**Task item**
A complete answer retypes each of the records below precisely and includes none of the pictures.

**Dataset excerpts**
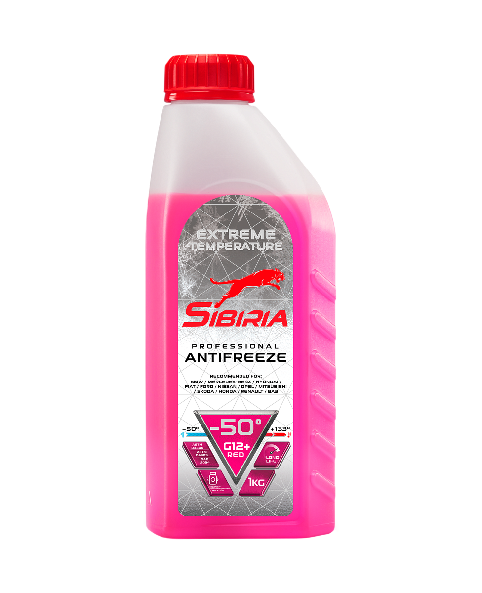 Жидкость охлаждающая низкозамерзающая «Antifreeze Sibiria -50 G12+». Является карбоксилатным антифризом, изготавливаемым по Технологии Органических Кислот (ОАТ), и относится к классу «интеллектуальных антифризов» с увеличенным сроком эксплуатации.
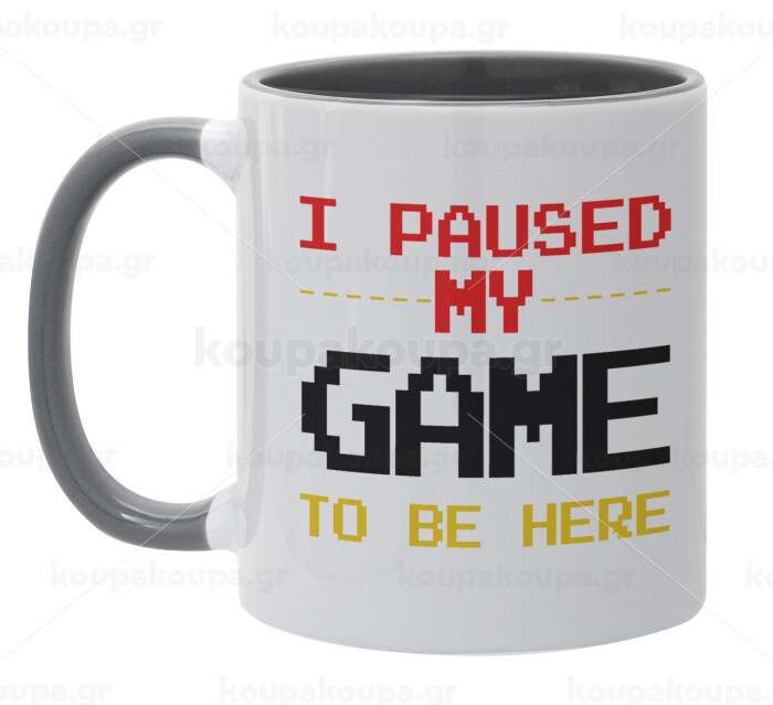 I paused my game to be here, Κούπα χρωματιστή γκρι, κεραμική, 330ml
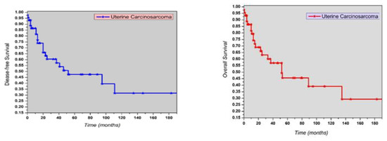 Kaplan–Meier curves for disease-free survival (DFS) and overall survival (OS) in women with uterine carcinosarcoma.
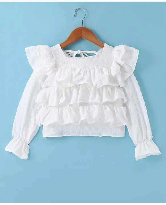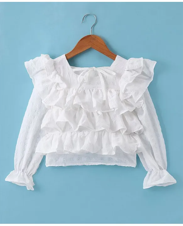 Kookie Kids Full Sleeves Top with Frill Detailing – White
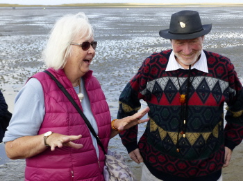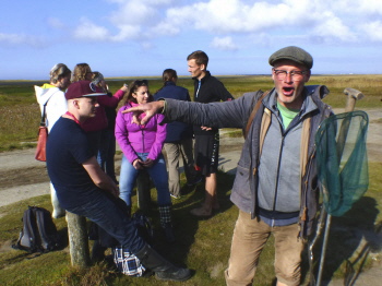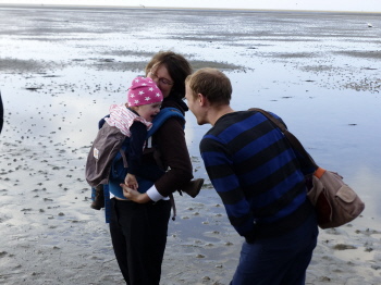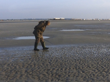 Für Freitagmorgen hatte sich der NDR Hannover angekündigt. Er wollte mit Jutta und mir im Watt über Bernsteinsuche drehen. Nina (Reporterin), Matthias (Film) und Alexander (Ton) erlebten die Nordsee authentisch. Durch einen flachen Priel gingen wir mit Gummistiefeln auf eine kleine Sandbank, imitierten die Bernsteinsuche und antworteten auf die vielfältigen Fragen. Dann stellte ich fest, dass das Wasser näher kam, es war schon Flut. Wir staunten alle, wie schnell das Wasser auflief; wir schafften es gerade noch, ohne nasse Hosen zu bekommen durch den Priel zurück zu waten.
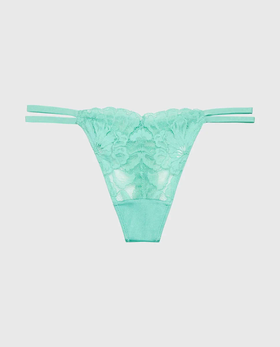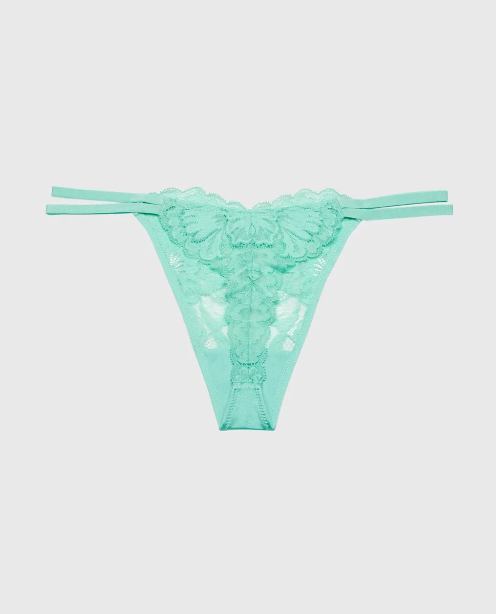 Make a statement with this pool blue string thong, where bold lace detailing meets modern minimalism. The high leg cut creates a flattering silhouette while the lavish lace trim adds an unexpected touch of elegance. Designed for confidence, this style delivers a seamless look under fitted clothing without sacrificing on style.
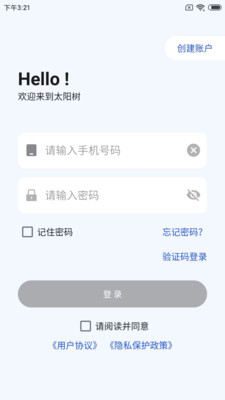 3、新用户点击右上角的创建账号输入手机号即可登录
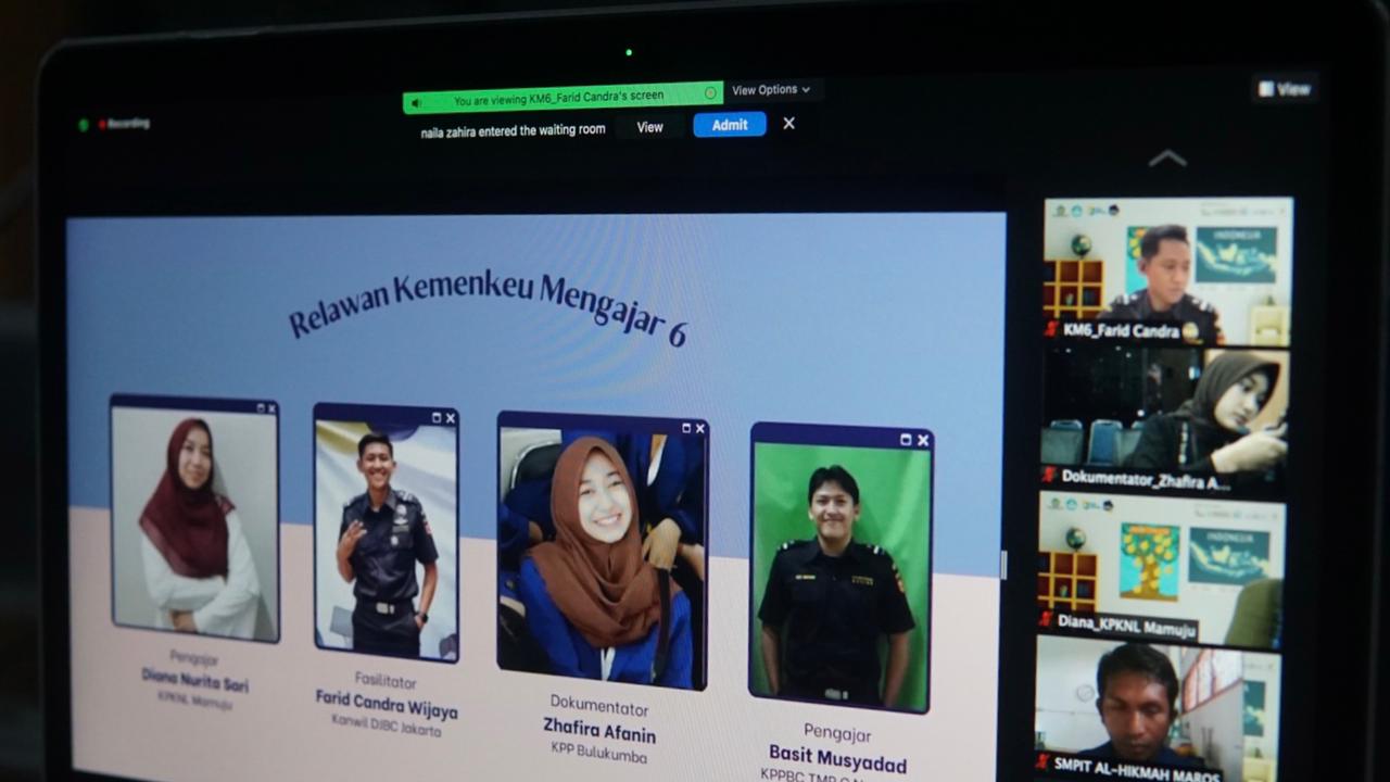 Melalui Zoom Meeting, bersama dengan satu orang relawan fasilitator yang berasal dari Kanwil Bea Cukai Jakarta dan dua orang relawan pengajar yang berasal dari KPKNL Mamuju dan KPPBC Nunukan, relawan dokumentator yang berasal dari KPP Pratama Bulukumba, membahas terkait Tugas Fungsi Kementerian Keuangan, Pengertian APBN serta Program Pemulihan Ekonomi Nasional atau biasa dikenal dengan istilah PEN.
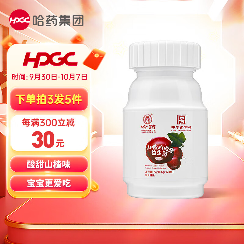 ¥24.9 哈药山楂鸡内金益生菌120片/瓶 积食肠胃消化酸甜零食山楂鸡内金咀嚼片72g 29.9
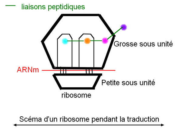 - Phase d'initiation : Les deux sous unités du ribosome s'assemblent sur l'ARNm au niveau du codon initiateur AUG.
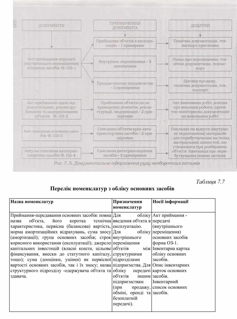 Показники документів, якими оформляються операції з руху основних засобів (введення в експлуатацію, внутрішнє переміщення, приймання після ремонту, реконструкції та модернізації; ліквідація та продаж) є єдиним джерелом інформації як для аналітичного й синтетичного обліку руху та наявності об'єктів, так і складання звітності. Перелік номенклатур первинного обліку повинен містити показники, що забезпечать як складання регістрів аналітичного обліку, так і заповнення Приміток до річної фінансової звітності (табл. 7.7).

**Answer to the problem**
 Жидкость охлаждающая низкозамерзающая «Antifreeze Sibiria -50 G12+». Является карбоксилатным антифризом, изготавливаемым по Технологии Органических Кислот (ОАТ), и относится к классу «интеллектуальных антифризов» с увеличенным сроком эксплуатации.
 I paused my game to be here, Κούπα χρωματιστή γκρι, κεραμική, 330ml
 Kaplan–Meier curves for disease-free survival (DFS) and overall survival (OS) in women with uterine carcinosarcoma.
 Kookie Kids Full Sleeves Top with Frill Detailing – White
 Für Freitagmorgen hatte sich der NDR Hannover angekündigt. Er wollte mit Jutta und mir im Watt über Bernsteinsuche drehen. Nina (Reporterin), Matthias (Film) und Alexander (Ton) erlebten die Nordsee authentisch. Durch einen flachen Priel gingen wir mit Gummistiefeln auf eine kleine Sandbank, imitierten die Bernsteinsuche und antworteten auf die vielfältigen Fragen. Dann stellte ich fest, dass das Wasser näher kam, es war schon Flut. Wir staunten alle, wie schnell das Wasser auflief; wir schafften es gerade noch, ohne nasse Hosen zu bekommen durch den Priel zurück zu waten.
 Make a statement with this pool blue string thong, where bold lace detailing meets modern minimalism. The high leg cut creates a flattering silhouette while the lavish lace trim adds an unexpected touch of elegance. Designed for confidence, this style delivers a seamless look under fitted clothing without sacrificing on style.
 3、新用户点击右上角的创建账号输入手机号即可登录
 Melalui Zoom Meeting, bersama dengan satu orang relawan fasilitator yang berasal dari Kanwil Bea Cukai Jakarta dan dua orang relawan pengajar yang berasal dari KPKNL Mamuju dan KPPBC Nunukan, relawan dokumentator yang berasal dari KPP Pratama Bulukumba, membahas terkait Tugas Fungsi Kementerian Keuangan, Pengertian APBN serta Program Pemulihan Ekonomi Nasional atau biasa dikenal dengan istilah PEN.
 ¥24.9 哈药山楂鸡内金益生菌120片/瓶 积食肠胃消化酸甜零食山楂鸡内金咀嚼片72g 29.9
 - Phase d'initiation : Les deux sous unités du ribosome s'assemblent sur l'ARNm au niveau du codon initiateur AUG.
 Показники документів, якими оформляються операції з руху основних засобів (введення в експлуатацію, внутрішнє переміщення, приймання після ремонту, реконструкції та модернізації; ліквідація та продаж) є єдиним джерелом інформації як для аналітичного й синтетичного обліку руху та наявності об'єктів, так і складання звітності. Перелік номенклатур первинного обліку повинен містити показники, що забезпечать як складання регістрів аналітичного обліку, так і заповнення Приміток до річної фінансової звітності (табл. 7.7).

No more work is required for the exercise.